Records for the task
——

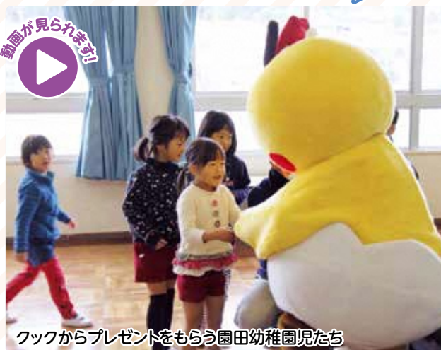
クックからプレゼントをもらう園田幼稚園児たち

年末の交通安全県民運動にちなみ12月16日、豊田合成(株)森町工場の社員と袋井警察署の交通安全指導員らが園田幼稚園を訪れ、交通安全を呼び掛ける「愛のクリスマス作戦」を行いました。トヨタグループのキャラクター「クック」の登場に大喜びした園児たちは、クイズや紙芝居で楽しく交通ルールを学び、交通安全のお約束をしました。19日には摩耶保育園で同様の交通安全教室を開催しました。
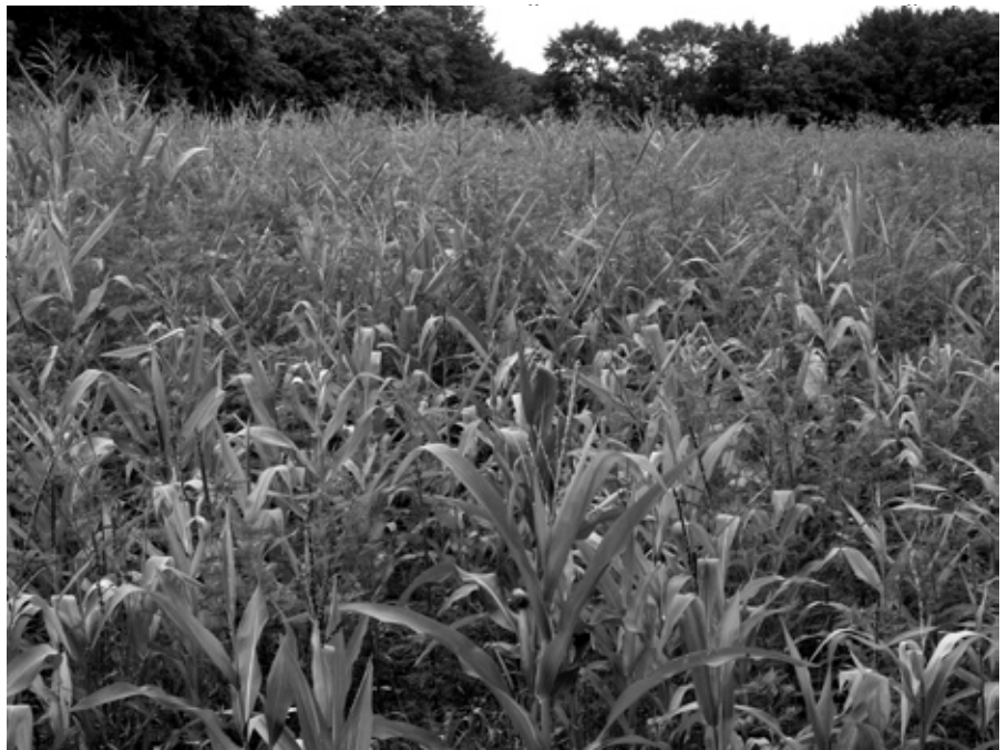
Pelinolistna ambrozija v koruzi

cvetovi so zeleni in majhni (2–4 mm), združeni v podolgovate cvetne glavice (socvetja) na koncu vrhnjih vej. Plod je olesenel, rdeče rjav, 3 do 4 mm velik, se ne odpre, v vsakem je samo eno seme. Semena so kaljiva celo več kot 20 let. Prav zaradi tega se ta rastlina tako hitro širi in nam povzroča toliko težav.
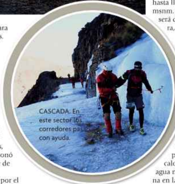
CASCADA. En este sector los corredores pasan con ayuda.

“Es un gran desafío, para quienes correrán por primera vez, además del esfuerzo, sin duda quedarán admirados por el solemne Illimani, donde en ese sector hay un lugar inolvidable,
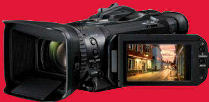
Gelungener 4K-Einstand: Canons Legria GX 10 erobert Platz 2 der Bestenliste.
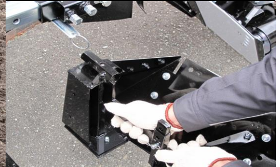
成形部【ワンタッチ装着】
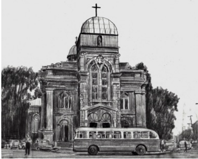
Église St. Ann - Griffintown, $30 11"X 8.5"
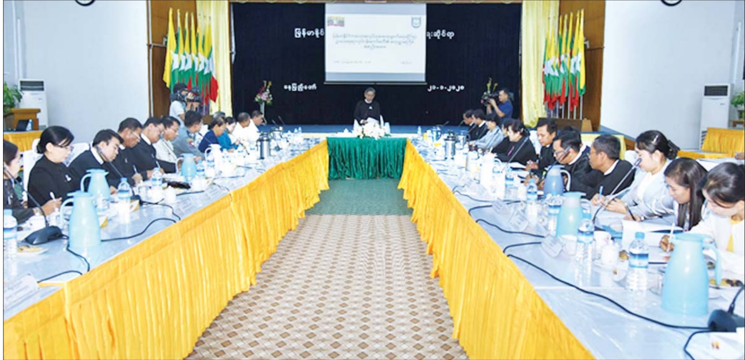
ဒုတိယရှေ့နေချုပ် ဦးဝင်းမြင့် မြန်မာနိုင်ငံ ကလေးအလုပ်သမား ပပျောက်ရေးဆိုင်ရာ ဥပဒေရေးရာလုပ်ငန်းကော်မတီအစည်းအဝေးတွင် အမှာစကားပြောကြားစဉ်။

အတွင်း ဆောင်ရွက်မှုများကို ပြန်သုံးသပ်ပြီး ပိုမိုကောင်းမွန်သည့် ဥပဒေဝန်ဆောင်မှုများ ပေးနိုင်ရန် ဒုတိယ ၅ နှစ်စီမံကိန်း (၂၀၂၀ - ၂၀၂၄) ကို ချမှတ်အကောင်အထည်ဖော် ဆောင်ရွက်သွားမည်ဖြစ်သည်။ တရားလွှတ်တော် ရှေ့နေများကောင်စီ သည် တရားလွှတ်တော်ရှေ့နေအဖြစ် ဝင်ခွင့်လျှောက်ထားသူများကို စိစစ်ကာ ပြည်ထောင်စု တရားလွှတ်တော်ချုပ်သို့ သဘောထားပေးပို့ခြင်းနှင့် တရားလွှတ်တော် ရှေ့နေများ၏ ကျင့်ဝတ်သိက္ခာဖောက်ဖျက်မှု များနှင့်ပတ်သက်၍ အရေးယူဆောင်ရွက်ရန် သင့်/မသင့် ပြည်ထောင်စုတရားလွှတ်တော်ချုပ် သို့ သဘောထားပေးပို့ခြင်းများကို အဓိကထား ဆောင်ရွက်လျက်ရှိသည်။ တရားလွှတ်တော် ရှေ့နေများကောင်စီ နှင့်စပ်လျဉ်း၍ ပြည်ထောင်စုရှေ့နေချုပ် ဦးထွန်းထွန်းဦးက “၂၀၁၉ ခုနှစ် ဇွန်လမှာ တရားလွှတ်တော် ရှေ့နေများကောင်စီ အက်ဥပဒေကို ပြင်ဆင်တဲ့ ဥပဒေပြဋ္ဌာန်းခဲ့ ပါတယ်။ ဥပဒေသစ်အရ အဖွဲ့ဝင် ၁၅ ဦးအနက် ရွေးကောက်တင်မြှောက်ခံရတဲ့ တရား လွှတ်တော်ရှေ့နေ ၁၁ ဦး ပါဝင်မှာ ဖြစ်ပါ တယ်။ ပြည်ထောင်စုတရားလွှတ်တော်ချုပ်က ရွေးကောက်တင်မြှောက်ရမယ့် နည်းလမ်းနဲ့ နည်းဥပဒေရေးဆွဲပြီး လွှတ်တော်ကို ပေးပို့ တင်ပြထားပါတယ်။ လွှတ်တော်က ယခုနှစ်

——

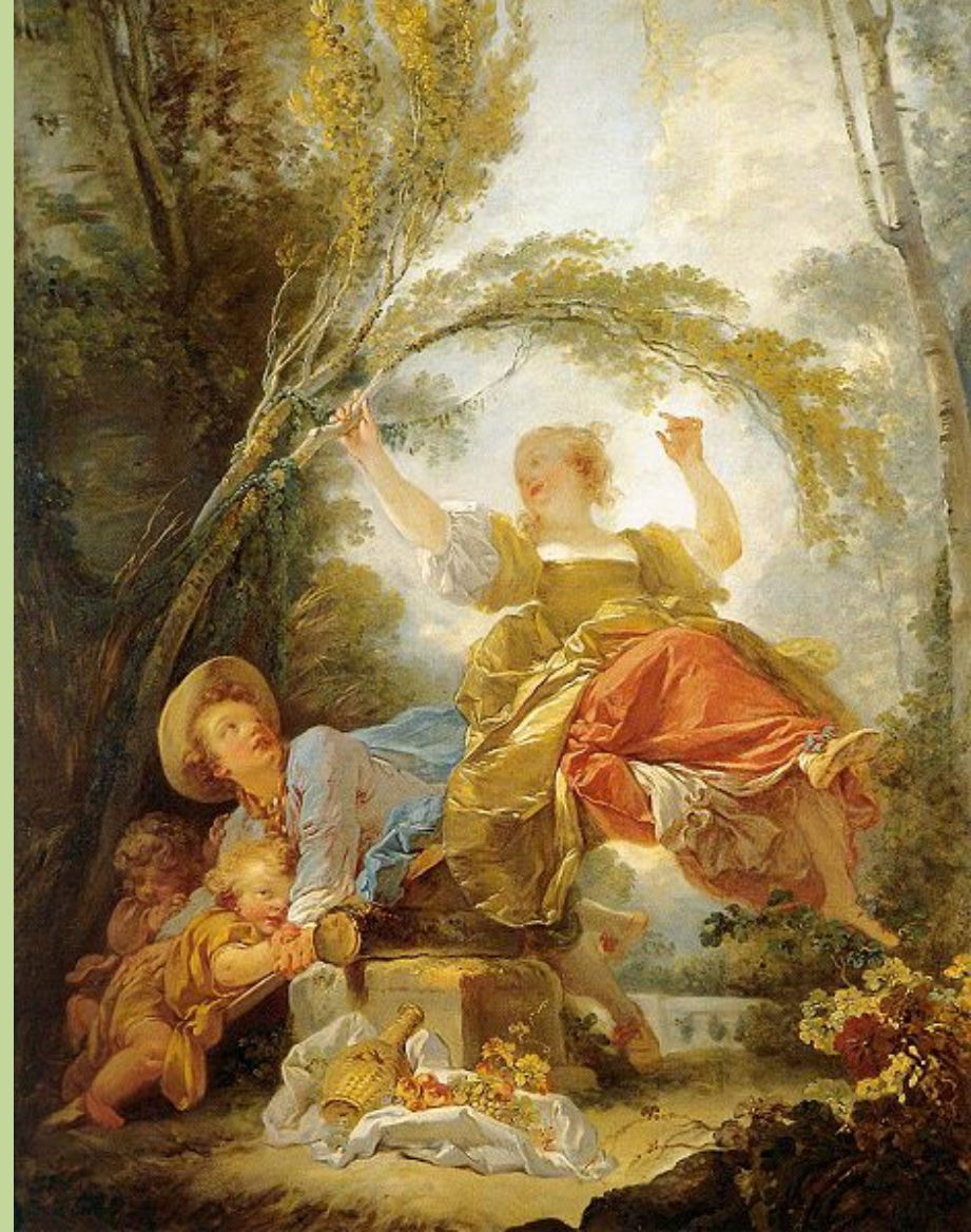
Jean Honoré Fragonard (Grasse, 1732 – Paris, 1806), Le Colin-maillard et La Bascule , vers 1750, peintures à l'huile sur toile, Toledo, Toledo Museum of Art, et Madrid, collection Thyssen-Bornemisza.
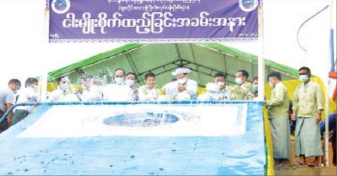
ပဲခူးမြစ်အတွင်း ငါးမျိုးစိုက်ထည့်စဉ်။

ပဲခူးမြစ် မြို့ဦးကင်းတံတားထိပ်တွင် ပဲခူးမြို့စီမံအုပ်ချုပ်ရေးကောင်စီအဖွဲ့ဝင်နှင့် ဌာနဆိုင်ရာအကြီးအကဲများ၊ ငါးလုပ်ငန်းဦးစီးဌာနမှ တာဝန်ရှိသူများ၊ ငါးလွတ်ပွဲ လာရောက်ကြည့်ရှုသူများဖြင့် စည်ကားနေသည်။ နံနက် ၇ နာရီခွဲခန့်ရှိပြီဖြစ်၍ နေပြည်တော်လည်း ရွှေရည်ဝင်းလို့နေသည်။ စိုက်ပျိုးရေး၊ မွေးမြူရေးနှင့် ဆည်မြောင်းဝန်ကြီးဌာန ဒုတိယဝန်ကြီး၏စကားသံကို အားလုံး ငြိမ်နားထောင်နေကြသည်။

——

Task brief
Would you copy the lines above exactly, starting with the one that has "クックからプレゼントをもらう園田幼稚園児たち" and ending with the one that has "Pelinolistna ambrozija v koruzi", both included, without the pictures?

The completed task
クックからプレゼントをもらう園田幼稚園児たち

年末の交通安全県民運動にちなみ12月16日、豊田合成(株)森町工場の社員と袋井警察署の交通安全指導員らが園田幼稚園を訪れ、交通安全を呼び掛ける「愛のクリスマス作戦」を行いました。トヨタグループのキャラクター「クック」の登場に大喜びした園児たちは、クイズや紙芝居で楽しく交通ルールを学び、交通安全のお約束をしました。19日には摩耶保育園で同様の交通安全教室を開催しました。
Pelinolistna ambrozija v koruzi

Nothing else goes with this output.